The two salmon shapes are indicated in Figure 2(b) and Figure 3 (b) and the comparison of salmon fish one and salmon fish two swimming distance is shown in Figure 5. The swimming distance, velocity, torques and energy expends of salmon fish one is represented by green grids, while salmon fish two is shown using blue grids to represent it. In order to ensure the consistency of the simulation, for the first and second fish, simulation time is set the same (20 s) and the tail beat frequency of two fish is also set the same (0.95 Hz). The velocity, torques and energy that fish spend during swimming are calculated and given in Figure 6, 7 and 8. The figure 8 is the animation image of the fish swimming. It is clear from the swimming distance shown in Figure 5(a) and Figure 5(b) that the first fish swimming distances is much bigger than the second one. The values of the swimming distance of fish one and fish two are 35.02 and 14.91 cm respectively. The average swimming velocity of fish one is also bigger than the fish two with 1.750 and 0.746 cm/s respectively. The energy expending of the two fishes are 1.49×10-4 and 1.73×10-4 watt respectively. A comparison of the effect of shapes on swimming performance are shown that the shape of fish have big influence in swimming ability which is similar to the conclusion of Reid [5]. Although the second fish spend more energy than the first one, but the velocity of the second fish are lower than the first one (Figures 5-9).

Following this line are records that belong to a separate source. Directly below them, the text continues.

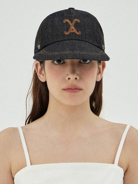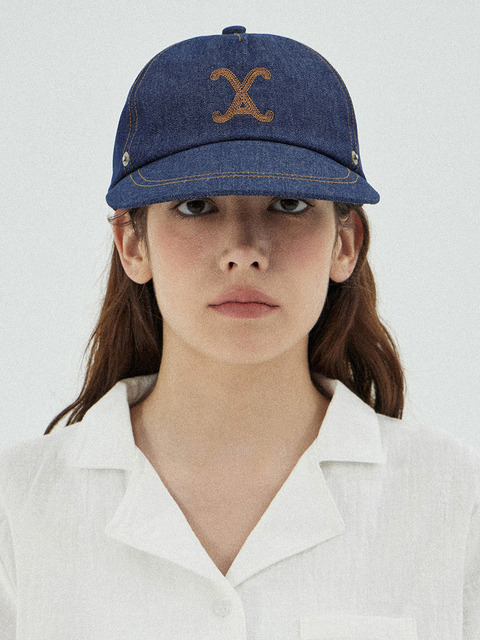 [바잘] VA 커브드 데님 스티치 디테일 5패널 볼캡 인디고
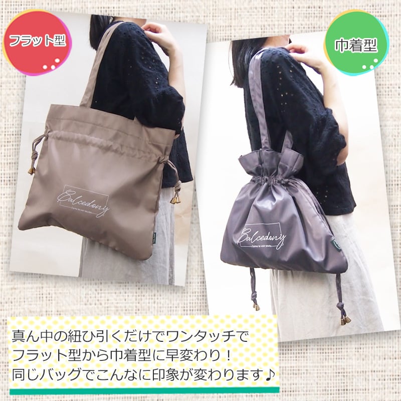 上部の引手を引くと巾着デザインにワンタッチで変わります。
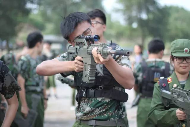 在这期间,每个营都挑选出了15个训练刻苦的同学去参加真人cs对抗赛,同学们利用掩体等在场地中博弈战斗技巧,强迫体格。
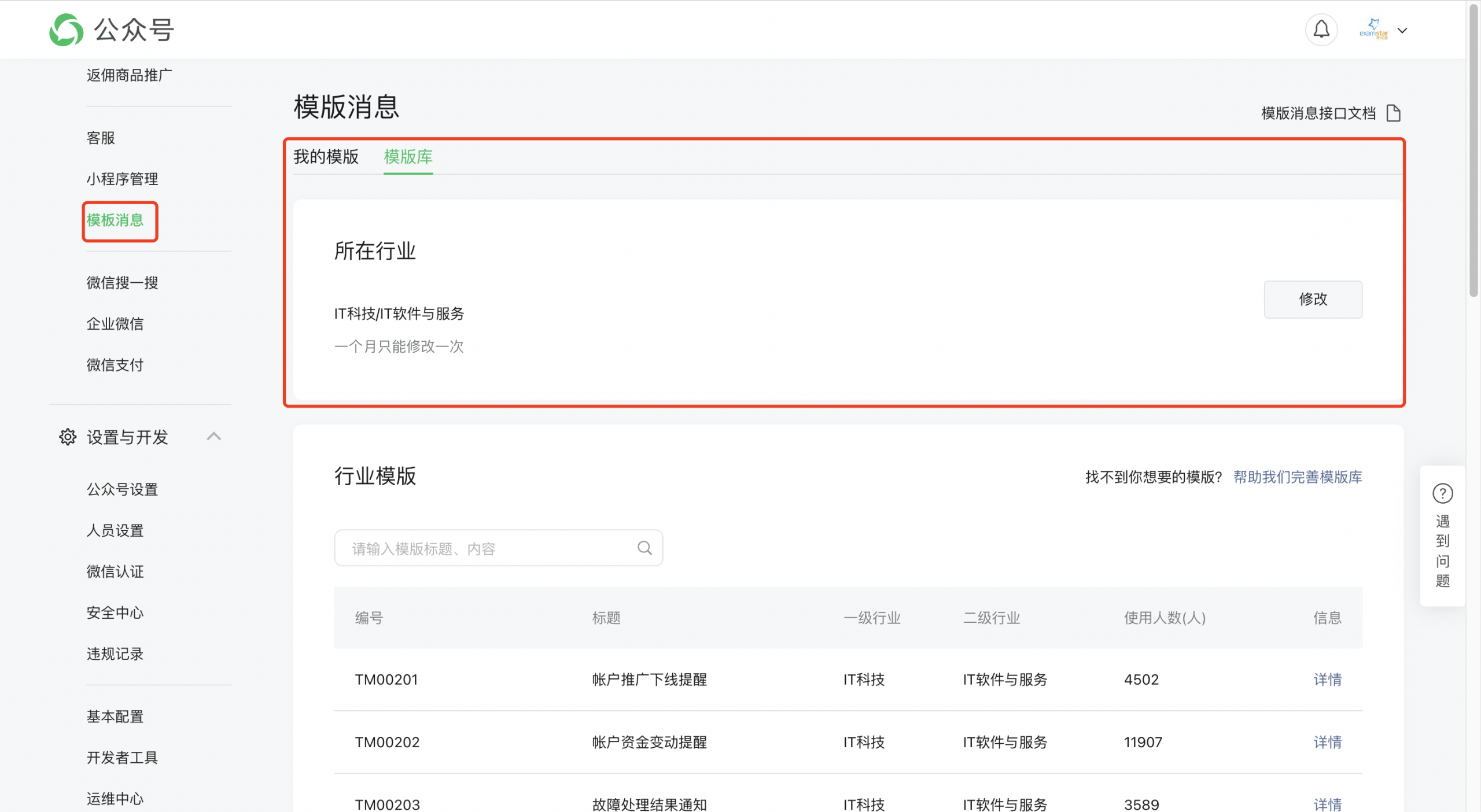 消息推送模块需要添加模版消息,后续消息推送将会根据您在会否配置的模版ID进行消息推送。

The effect of tail beat frequency on swimming performance

The tail beat frequency is often used for the analysis of swimming speed and many researchers have study the relationship between fish swimming and tail beat frequency (Table 2). Here, we use the same fish shapes with salmon fish one (Figure 2b) and same swimming time (20 s) with difference frequency to check the correlation between fish swimming velocity and tail beat frequency in our model. The tail beat frequency used in our simulation is defined as 1.43 and 0.64 Hz respectively. The swimming distance, the swimming velocity, the energy expending during swimming and the fish swimming images are shown in Figure 10, 11, 12 and 13. Figure 10 shows salmon fish one swimming distance for different tail beat frequency. From Figure 10 (a) and 10 (b), it is apparent that the fish with high frequency can swim longer than low frequency and the swim velocity are also increased with the beat frequency increase. The energy cost of the two fishes is also difference in two beat frequency types. The values of the swimming distance of fish one and fish two are 49.12 and 25.84 cm respectively. The value of the mean velocity of fish with high F and low F are 2.456 and 1.292 cm/s respectively. The energy expending of the two fishes are 1.49×10-4 and 0.61×10-4 watt respectively. This result has the same trend with empirical equation made by He et al [28], Sepulveda et al [29], Ohlberger et al [30] and Li et al [31]. Comparing the results of Table 2 and the results determined by our model, it appears that until both the fish shapes and swimming types are taken into consideration, the equation can be more accuracy. At this point, our model is more reasonable and described more specifically. Basically, even we don’t have the real fish data to evaluate our model, the agreement between the results in Table 2 and model calculation gives confidence to accept the model predictions. It is important that our model is matched to the actual situation of fish swimming, so that the fish swimming velocity and energy cost can be quantify with high accuracy (Table 2) (Figures 10-13).

Table: 2The relationship between fish swimming velocity (V) and tail beat frequency (F).

We presented a computational approach for fully resolved simulation of self-propulsion of 3d fish through an ideal fluid. This algorithm is developed that solves for the velocity of the fish for prescribed deformation kinematics. A solution for the fish swimming ability, turquoises spend during swimming and energy cost of the fish is also obtained. The effect of the shapes and the effects of fish beat frequency on swimming performance are also analysed. So the purpose of this model would be used to assist in the design of fish-friendliness of hydraulic structure, the resulting computer tool had to be very efficient and relatively easy to use. The fish design concepts provided here can be used for both reevaluating existing hydraulic structure as well as new structures design in order to improve their compliance with the new age of environmental awareness and fish safety. These concepts would also benefit the hydropower plant in many ways. We believe that understand the effects of fish shapes and tail beat frequency on fish swimming ability would result in a more efficient hydraulic operation and reduced operation and maintenance costs.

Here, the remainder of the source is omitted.